We used 6-, 8-, and 9-year-old S. sempervirens as experiment materials. The sampling times were spring (15 Apr.), summer (15 July), autumn (15 Oct.), and winter (15 Jan.). In case of rain, the sampling time was adjusted by 3 d, so the weather was observed in advance. During sampling, three samples were taken from each plant, and the sampling sites were mainly the upper terminal bud (the terminal bud of the second-layer branch from the top to the bottom of the crown), the middle terminal bud (the terminal bud of the middle-layer branch of the crown), and lower terminal bud (the terminal bud of the bottom-layer branch of the crown). Samples were taken from four directions and each material was equivalent.
Determination of endogenous hormone content.
Measurement of the endogenous hormones IAA, GA, ZR, and ABA of S. sempervirens terminal buds was performed using ELISA (Wu et al., 1993). The ELISA kit was purchased from China Agricultural University. It measured optical density at 490 nm and drew a calibration curve, then calculated the IAA, GA, ZR, and ABA levels. Each sample assay was repeated three times and, after excluding abnormal data, the data were averaged for analysis (Zhou et al., 2014). Calculation was performed using the regression method to establish a logit curve.
Data processing.
SPSS 19.0 analysis software (SPSS Inc., Chicago, IL) was used to analyze the measurement data. Differences between different treatments were analyzed using one-way analysis of variance with Tukey’s test at a significance level of P < 0.05. Origin 8.0 software (OriginLab Corp., Northampton, MA) was used to produce a plot.
Results
Changes in IAA content in different terminal positions in S. sempervirens.
As shown in Fig. 1, the trend of IAA in terminal buds from different crown positions was “rise–drop–rise.” In winter, IAA content in terminal buds was low, and plants were in a period of dormancy. In spring, IAA content was generally high, which indicates active bud growth. In summer, IAA content at the different positions was decreasing, which indicates that bud growth had declined. However, IAA content increased again, showing that the plants had an additional growing season in autumn. In addition, at that time, IAA content of the upper terminal bud was greater than that of the middle and lower terminal buds.
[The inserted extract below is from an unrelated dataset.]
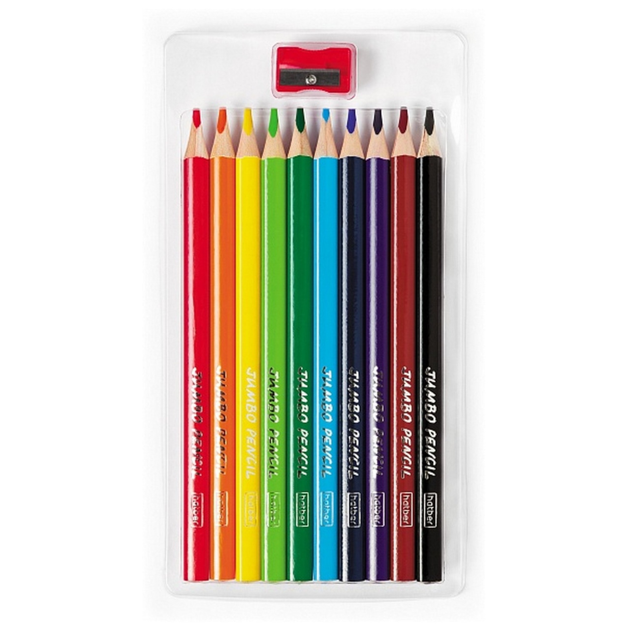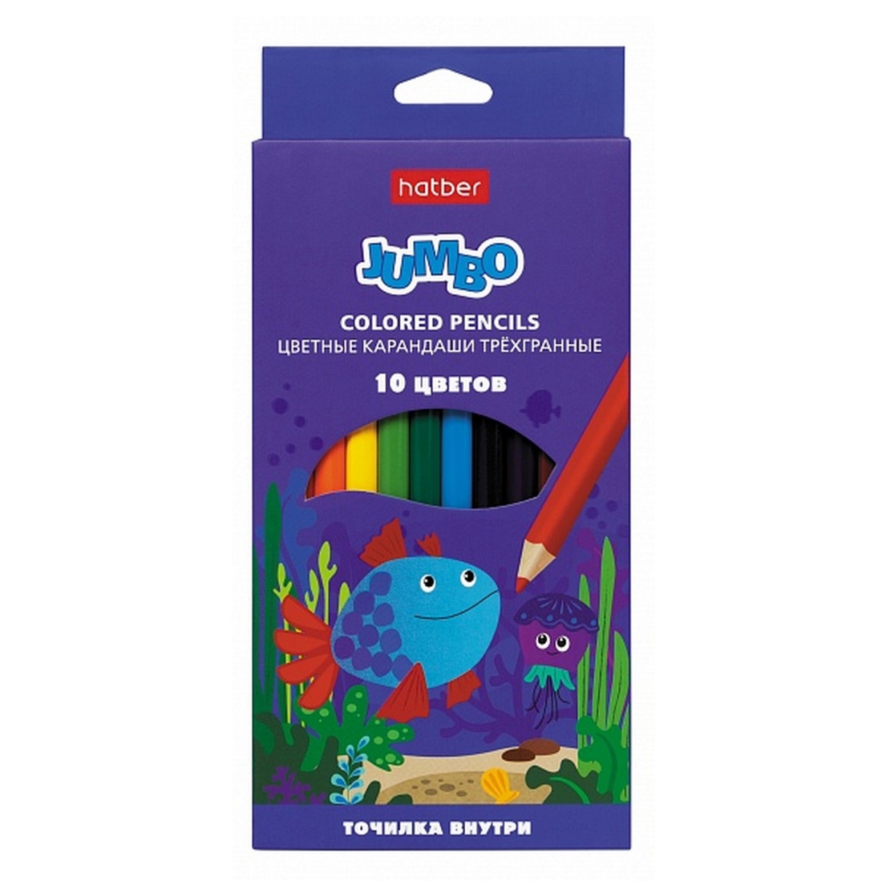Карандаши цветные 10 цветов Hatber Jumbo с утолщенным трёхгранным корпусом и насыщенной цветовой гаммой. Трехгранная форма корпуса снижает нагрузку на руку и придаёт дополнительный комфорт. Прочный неломкий грифель толщиной 4мм имеет превосходную мягкость, оставляет плотный выразительный след на поверхности бумаги. Набор поставляется в картонной упаковке с вырубным окошком и европодвесом. Карандаши внутри коробки уложены в удобный пластиковый поддон, в котором также находится пластиковая точилка, подходящая по размеру для затачивания утолщенного корпуса.
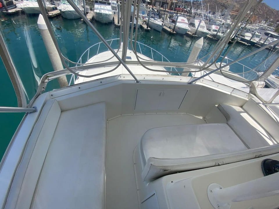loungers at the bow, seating at the stern, a large living

Changes in GA content in different terminal positions in S. sempervirens.
As shown in Fig. 2, the trends of GA in the upper, middle, and lower terminal buds were obviously different. In winter, the GA content in the upper and middle terminal buds were greater than those of the lower buds. From winter to summer, GA content in the upper and middle terminal buds decreased gradually, whereas those of the lower terminal buds increased gradually. From summer to autumn, GA content in the upper and middle terminal buds increased gradually; however, those of the lower terminal buds decreased gradually. In autumn, GA content of the upper terminal buds were the greatest; those of the lower terminal buds were the lowest.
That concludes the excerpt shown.